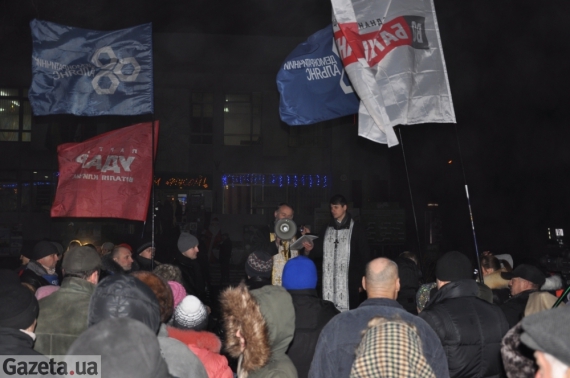 Анонсированное мероприятие начинается у 18.20. На площади собралось около сотни человек. Несколько человек держат флаги "Батькивщины", УДАР и Демальянса, раздают политические газеты и календари с Юлией Тимошенко и Арсением Яценюком. По периметру площади дежурит несколько десятков сотрудников милиции. Митинг начинают с молитвы.
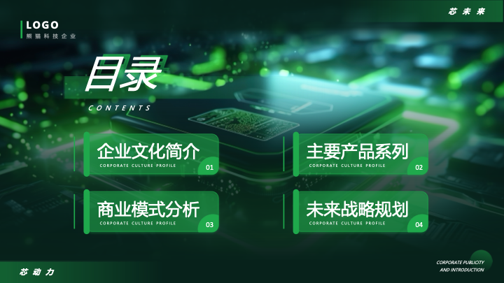 - 封面与目录页:封面设计以“公司宣传介绍”为主题,采用简约的墨绿色块,风格稳重大方。目录页延续此风格,清晰地导航了“公司简介”、“产品与服务”、“文化及荣誉”、“规划与未来”四个核心部分。
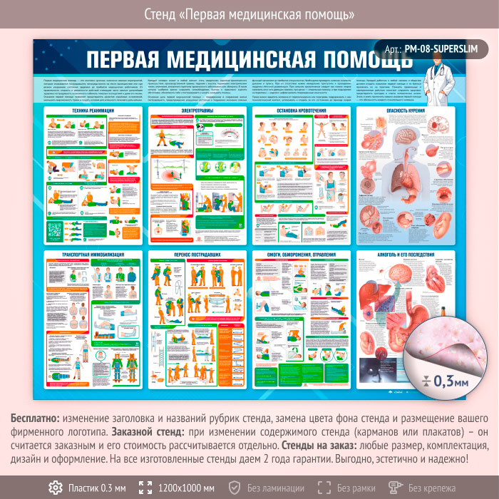 Стенд «Первая медицинская помощь» (PM-08-SUPERSLIM) в Обнинске купить
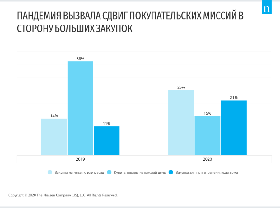 В 2019 г. наиболее частая миссия покупки звучала как «небольшая покупка товаров на каждый день», в сейчас наиболее популярными вариантами являются «закупка на неделю или месяц», а также «закупка для приготовления еды дома». Помимо этого, 20% потребителей ставили целью при посещении магазина пополнить запасы между большими покупками.
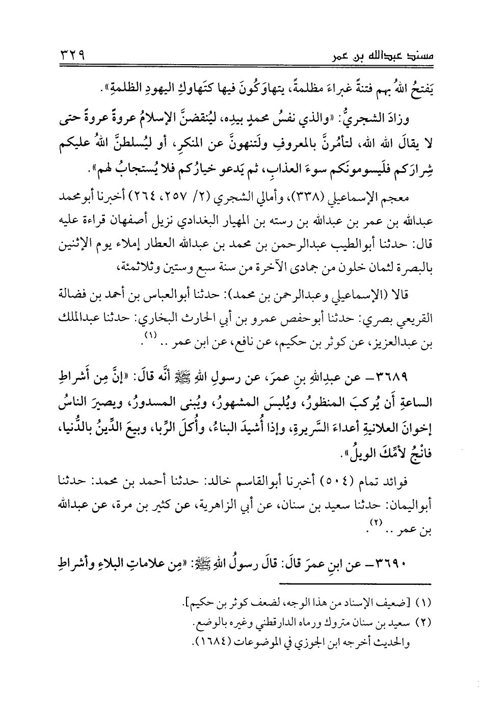 فوائد تمام (504) أخبرنا أبوالقاسم خالد: حدثنا أحمد بن محمد: حدثنا أبواليمان: حدثنا سعيد بن سنان، عن أبي الزاهرية، عن كثير بن مرة، عن عبدالله بن عمر .. (¬2).
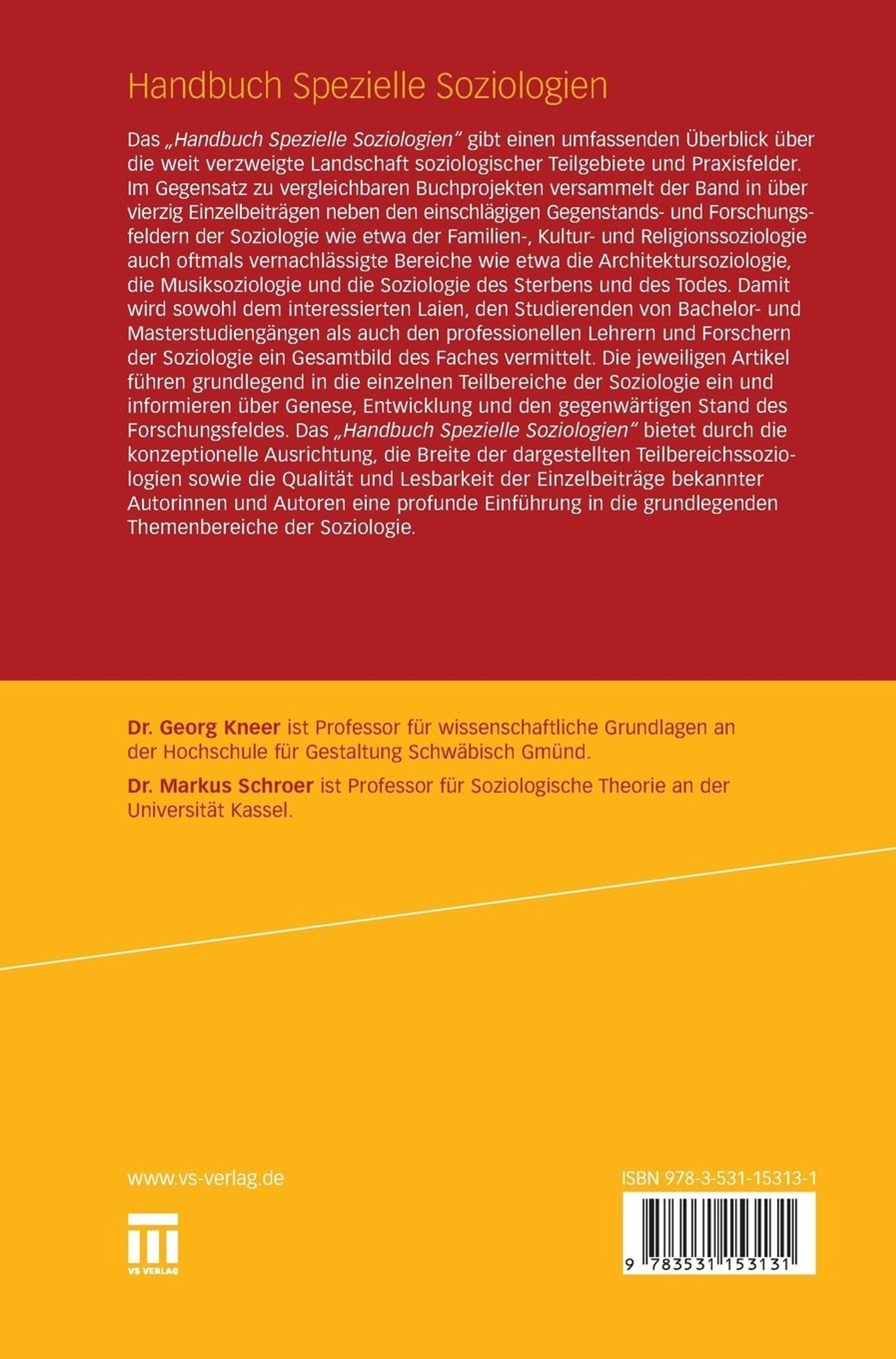 Das Handbuch Spezielle Soziologien gibt einen umfassenden Überblick über die weit verzweigte Landschaft soziologischer Teilgebiete und Praxisfelder. Im Gegensatz zu vergleichbaren Buchprojekten versammelt der Band in über vierzig Einzelbeiträgen neben den einschlägigen Gegenstands- und Forschungsfeldern der Soziologie wie etwa der Familien-, Kultur- und Religionssoziologie auch oftmals vernachlässigte Bereiche wie etwa die Architektursoziologie, die Musiksoziologie und die Soziologie des Sterbens und des Todes. Damit wird sowohl dem interessierten Laien, den Studierenden von Bachelor- und Masterstudiengängen als auch den professionellen Lehrern und Forschern der Soziologie ein Gesamtbild des Faches vermittelt. Die jeweiligen Artikel führen grundlegend in die einzelnen Teilbereiche der Soziologie ein und informieren über Genese, Entwicklung und den gegenwärtigen Stand des Forschungsfeldes.

■ ■ ■

Would you return the material above exactly, apart from its pictures?

Answer section:
 Анонсированное мероприятие начинается у 18.20. На площади собралось около сотни человек. Несколько человек держат флаги "Батькивщины", УДАР и Демальянса, раздают политические газеты и календари с Юлией Тимошенко и Арсением Яценюком. По периметру площади дежурит несколько десятков сотрудников милиции. Митинг начинают с молитвы.
 - 封面与目录页:封面设计以“公司宣传介绍”为主题,采用简约的墨绿色块,风格稳重大方。目录页延续此风格,清晰地导航了“公司简介”、“产品与服务”、“文化及荣誉”、“规划与未来”四个核心部分。
 Стенд «Первая медицинская помощь» (PM-08-SUPERSLIM) в Обнинске купить
 В 2019 г. наиболее частая миссия покупки звучала как «небольшая покупка товаров на каждый день», в сейчас наиболее популярными вариантами являются «закупка на неделю или месяц», а также «закупка для приготовления еды дома». Помимо этого, 20% потребителей ставили целью при посещении магазина пополнить запасы между большими покупками.
 فوائد تمام (504) أخبرنا أبوالقاسم خالد: حدثنا أحمد بن محمد: حدثنا أبواليمان: حدثنا سعيد بن سنان، عن أبي الزاهرية، عن كثير بن مرة، عن عبدالله بن عمر .. (¬2).
 Das Handbuch Spezielle Soziologien gibt einen umfassenden Überblick über die weit verzweigte Landschaft soziologischer Teilgebiete und Praxisfelder. Im Gegensatz zu vergleichbaren Buchprojekten versammelt der Band in über vierzig Einzelbeiträgen neben den einschlägigen Gegenstands- und Forschungsfeldern der Soziologie wie etwa der Familien-, Kultur- und Religionssoziologie auch oftmals vernachlässigte Bereiche wie etwa die Architektursoziologie, die Musiksoziologie und die Soziologie des Sterbens und des Todes. Damit wird sowohl dem interessierten Laien, den Studierenden von Bachelor- und Masterstudiengängen als auch den professionellen Lehrern und Forschern der Soziologie ein Gesamtbild des Faches vermittelt. Die jeweiligen Artikel führen grundlegend in die einzelnen Teilbereiche der Soziologie ein und informieren über Genese, Entwicklung und den gegenwärtigen Stand des Forschungsfeldes.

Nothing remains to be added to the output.